An hour’s drive west of Hyderabad is the village of Kothapally. Like its many neighbours, this typical rural Andhra Pradesh village would be bone dry after December, sending its women on 5-kilometre daily treks to the nearest drinking water source. Migration from this village robbed it of its young and older men, who left to on foot to seek their fortunes in the shanty outskirts of the city. Flinty scraps of leftover money would be sent back to Kothapally to see the villagers through till the rains, but it was never enough and the people endured terrible poverty.

Then, in 1999, a small miracle occurred.

The Kothapally I visit is a very different place (not dissimilar to Rajsamadhiliya). It is a prosperous bustling village, rich enough to keep 40 autorickshaw vehicles – which are necessary to transport the villagers’ produce to market and to bring in supplies for the new village shop. There is no migration – instead, Kothapally has become an important employer in the area, recruiting labourers from its poor neighbours to work its bountiful fields. And they are truly bountiful. Visiting in April, the most desperate month, when all around are finger-crossed for the monsoon to start, the fields in Kothapally are waist-high with maize. Cotton covers other fields, vegetables another, and a further is given over to pongamia, a biofuel plant that the full-bellied villagers grow for profit (they also grow jatropa for the same purpose). These are the third plantings of the growing year. The village has already harvested acres of sorghum, maize, pigeon pea, cotton and so on.

Lakshmi, who runs the village shop, has plenty to smile about. A former basket weaver whose ends did not meet, she now also coordinates the women’s microfinance initiative and runs the nursery for the biofuel seedlings.
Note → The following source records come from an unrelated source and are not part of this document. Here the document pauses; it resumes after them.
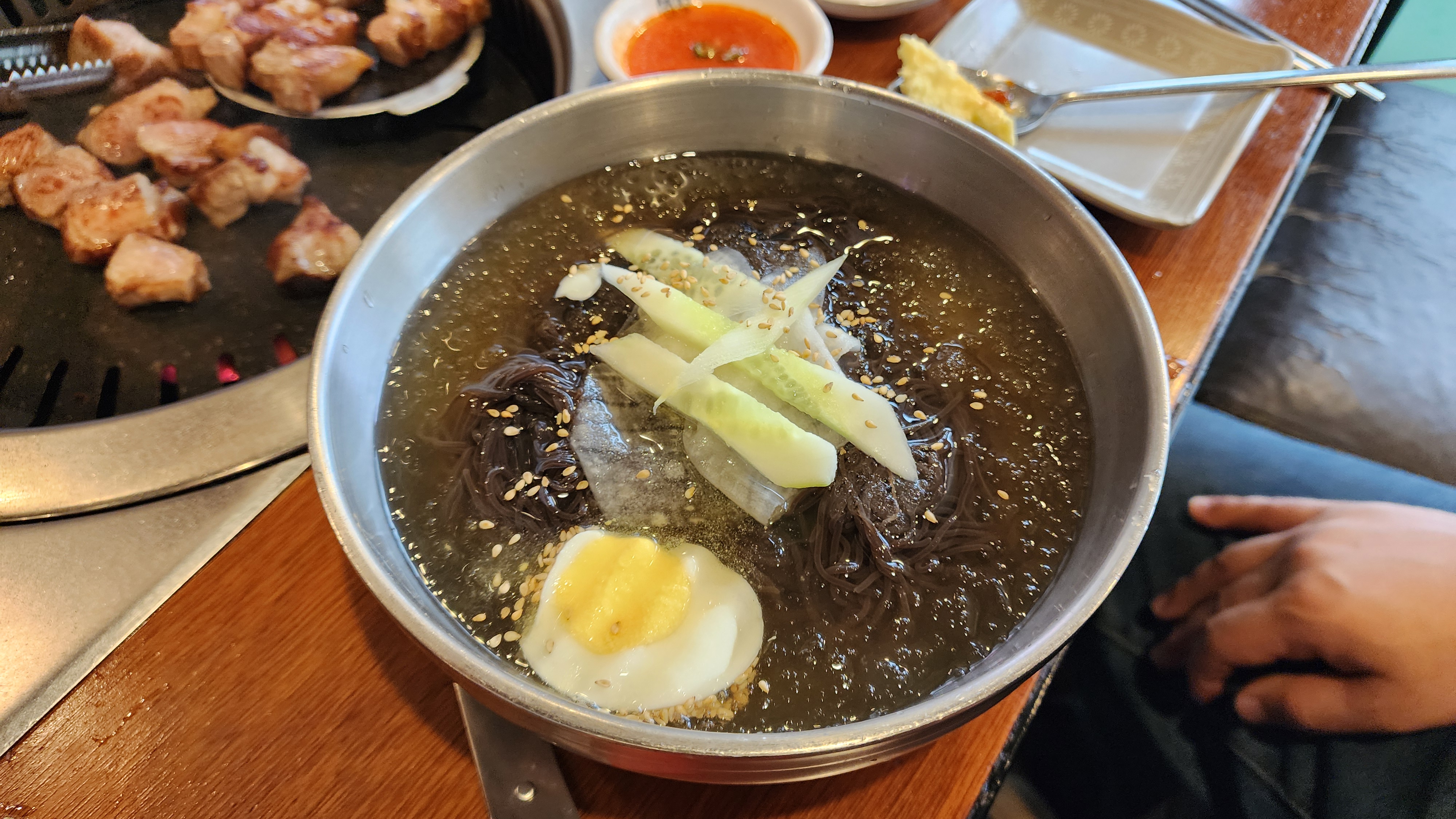 고기랑 물냉면 같이 먹는걸 좋아해서 물냉면도 주문했는데요, 삶은달걀, 무절임, 오이 고명이 올라갔고 육수에 살얼음이 잘 얼어있어서 맛있었어요.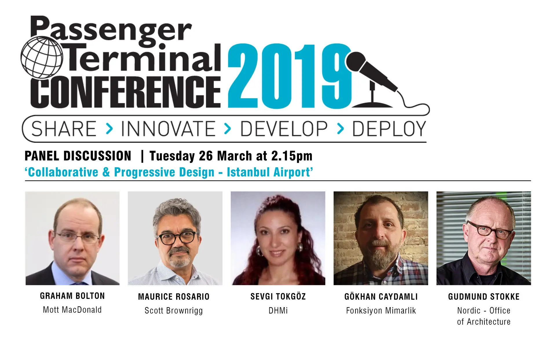The panel discussion which took place on Tuesday 26 March at 2.15pm cast the spotlight on the newly opened Istanbul Airport. Chaired by Graham Bolton from Mott MacDonald and Vice Chair of the British Aviation Group, the panel comprised of Maurice Rosario, Director at Scott Brownrigg, Sevgi Tokgoz, Project and Control Supervisor at DHMİ (General Directorate of State Airports Authority), Gudmund Stokke, Principal Partner at Nordic - Office of Architecture and Gorkhan Caydamlı, Partner at Fonksiyon Mimarlik.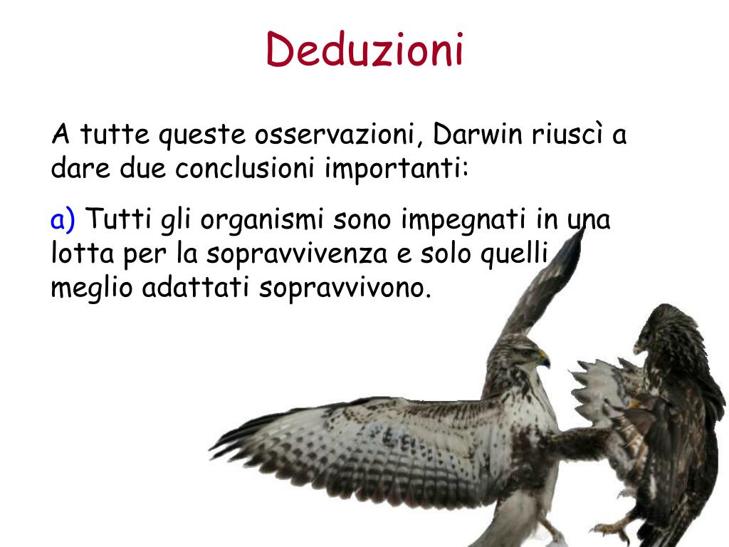 Deduzioni A tutte queste osservazioni, Darwin riuscì a dare due conclusioni importanti: a) Tutti gli organismi sono impegnati in una lotta per la sopravvivenza e solo quelli meglio adattati sopravvivono.
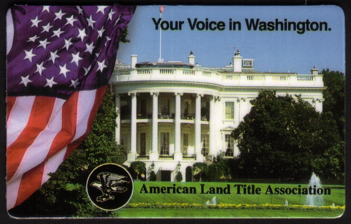 Overall, this collectible card blends national symbolism with a corporate identity, linking the American Land Title Association to Washington, D.C., through the artistry of the White House image, the American flag, and official marks. The combination of these elements reflects a connection to both the nation’s capital and the field of title companies.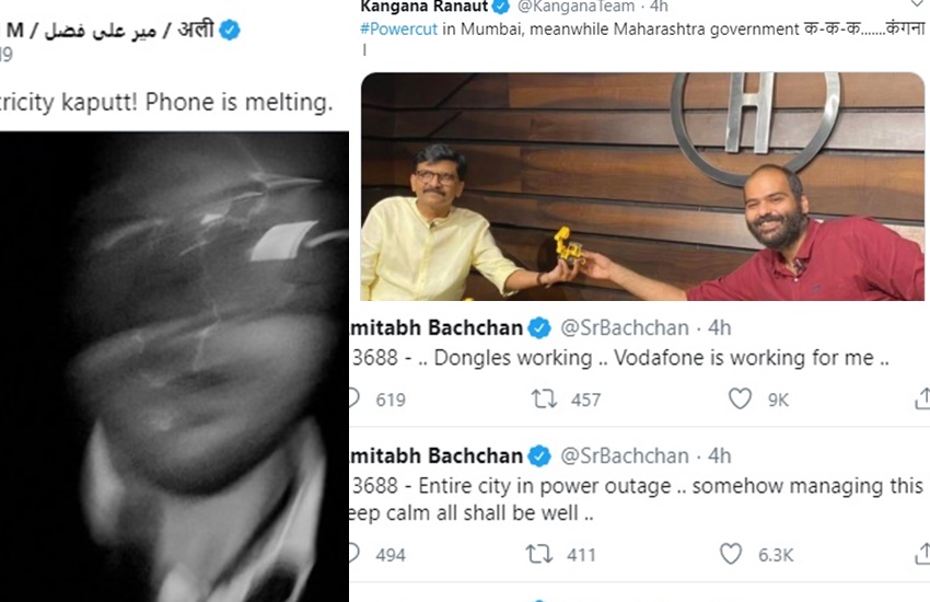 आज यानी 12 अक्टूबर की सुबह से ही मुंबई शहर की बत्ती गुल हो रखी है। अचानक बिजली कटौती का सामना होने के कारण जहां मुंबईकर्स परेशान नजर आ रहे हैं तो वहीं बॉलीवु़ सेलेब्स के रिएक्शन भी सामने आ रहे हैं। ग्रिड फेल होने के कारण मुंबई महानगर की बिजली कट गई है। ऐसे में अमिताभ बच्चन, अली फज़ल से लेकर कंगना रनौत तक ने ट्विटर पर मुंबई में बिजली जाने को लेकर पोस्ट किया।

Other women earn in the composting and natural pesticides cooperatives.

And the villagers’ livelihoods have expanded into cattle breeding – more specifically, artificial insemination of cows and buffalo to produce better milk yielders for extra income. I was shown a brimming container of bull’s sperm kept in liquid nitrogen. Nice.

So how did it all happen? In a very abridged form: the magic fairies from ICRISAT descended on the village one day and taught them how to store the heavy monsoon rains that fall (around 800 mm per square metre), and prevent it from running off the land and taking the precious soil with it. The fairies, led by Dr Wani, also provided seed varieties that were specific for the conditions (thirsty rice cultivation was halted), and important crop management advice, including how to till the land and use less-harmful fertilisers and pesticides.

Satellite images from the National Remote Sensing Agency in Hyderabad were used to locate ancient water courses and wells, and then the ICRISAT scientists talked to the older villagers about the historical use of some of the disused wells. With geological survey information to hand, a large watershed catchment was dug with check dams to slow run-off, and water courses to channel the precious flow. Water is held long enough to allow it to percolate through to the aquifer where it fills the cleared-out wells to the brim during the monsoon. And when I visit, there is still water in the wells, which is used to irrigate the fields.

This is the new green revolution. The previous one involved channelling and pumping vast amounts of water (and chemicals) onto as many fields as possible. But India has almost reached its capacity for irrigated agriculture. The new green revolution will involve making the remaining 60% of rainfed agriculture sustainable. And this means watersheds and other conservation measures, and growing less-thirsty crops. Currently, rice is so heavily subsidised by the government that even the poorest driest land is given over to a tiny paddy field because the farmer can be assured a good price for his meagre grains. But nutritious and less thirsty crops must be supported if India has any hope of feeding itself. Rainfed agriculture is inherently risky, but the way to minimise the risk for the poor farmer is not by guaranteeing high prices for rice, but by supporting their transition to drought-tolerant, heat-tolerant crops and assisting them to capture and manage their water effectively.